The Tories, also on the same old track at their Conference, ‘sound money or run out of money under Labour’, will, apparently, ‘always protect public services’ (yes Jeremy Hunt actually said that), but they are ‘always honest about the taxes that pay for them.’ Just those few words are instructive about their intentions.
This of course is nothing new. We can trace this neoliberal narrative way back to the 70s and Callaghan’s Labour government. However, George Osborne with his Thatcherite credentials gave us an austerity package that cut spending on public infrastructure and services, cut welfare spending, imposing sanctions and other destructive mechanisms wrecking people’s lives, whilst at the same time creating a fractured and divided society. The pandemic brought home to the nation the terrible consequences of those cuts to spending and we are still paying the price.
Putting it politely, the nation is being stuffed by politicians fixated on fiscal discipline to serve their own political objectives or prove they are fiscally responsible. Instead of using the power of the public purse to rebuild a fairer Britain, oversee a more equitable distribution of real resources and a green transition through targeted spending, taxation and legislative policies, what we have, as Matt Kennard describes in his book ‘Silent Coup’, is the unstoppable rise of global corporate power, with the full compliance of government. With both Labour and Tory promising yet more partnerships with big business in one way or another, the die is being cast.
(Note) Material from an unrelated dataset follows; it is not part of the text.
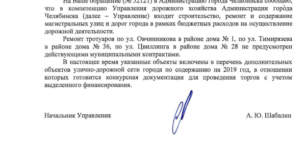Номер жалобы:52121 Тип жалобы:Прочее Название объекта: Регион:Челябинская область Город:Челябинск Адрес:улица Овчинникова, 1 Описание жалобы:Разрушена тротуарная плитка и пошла волной.

In a saner world, where democracy counted and where the government put the interests of its citizens and the planet first, before those of its corporate mates, we could do so much better. The heart of change lies in understanding the power of the pound. And yet we seem incapable of even engaging with monetary reality, not even to ensure a future for our children.
Every day the evidence piles up about what happens when governments use the lie of scarcity of money to excuse their cuts to spending or to delay action. From a collapsing NHS and social care system, schools and other public buildings that are falling down due to faulty construction and lack of adequate maintenance, local authorities facing bankruptcy and all that means for local service provision, food banks, rising homelessness, the list goes on. And still the lies just keep spewing from their mouths.
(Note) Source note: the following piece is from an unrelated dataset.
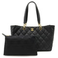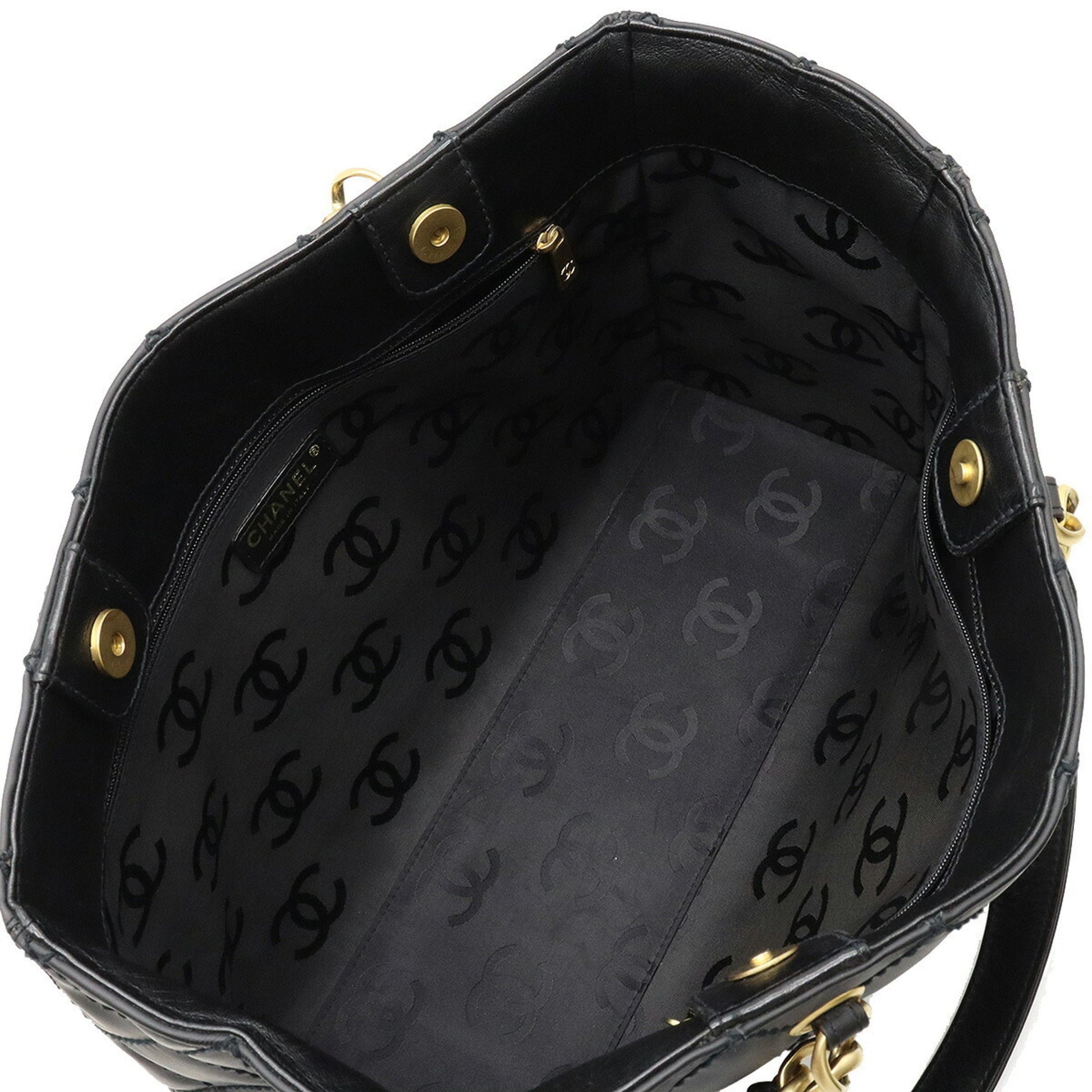 Chanel Matelasse Wild Stitch Tote Bag Chain Shoulder Matte Leather Black

Political manoeuvring to discredit the party in power or the party in waiting, while Rome burns, is the name of the game. Not only is it shameless and shameful, it is a political choice unconnected to the state of the public finances. That surely should be the wake-up call for all.
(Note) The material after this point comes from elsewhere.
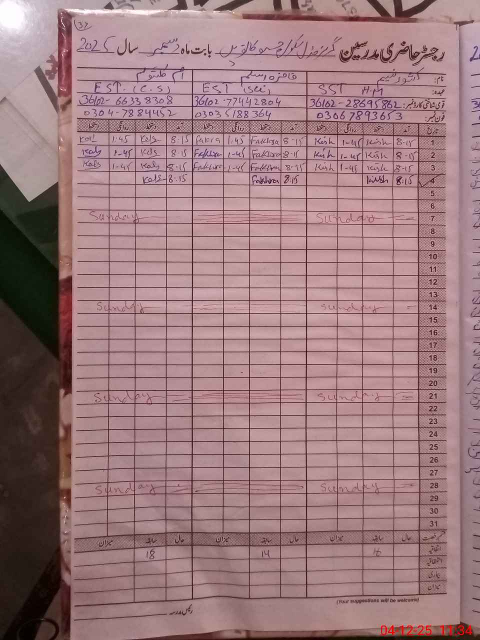 | CNIC | Full Name | Designation | R/C | Absence During Last Calender Month |

When all is said and done, the tax and spend model is destroying the infrastructure that sustains a functioning economy and is, to be frank, killing people. And yet politicians are doubling down on that narrative as if there were no alternative.
An understanding of the power of the pound, the role of government as currency issuer, imposer of taxes and legislator is the starting place. But, at heart, it is the political decisions that derive from that monetary framework that really count. Is it so hard to understand that the real constraints to spending are not financial but real resources, followed by the decisions about how and to whom they are distributed to create equity and address the key challenges we face? On current experience, we have seen exactly how that system works for the richest and most powerful.
Regrettably, it is clear how the political establishment views citizens. Outside of their inclusive rhetoric at election or Conference time, we are just expendable pieces on a chess board, pawns in the great neoliberal game of securing power and wealth for the few.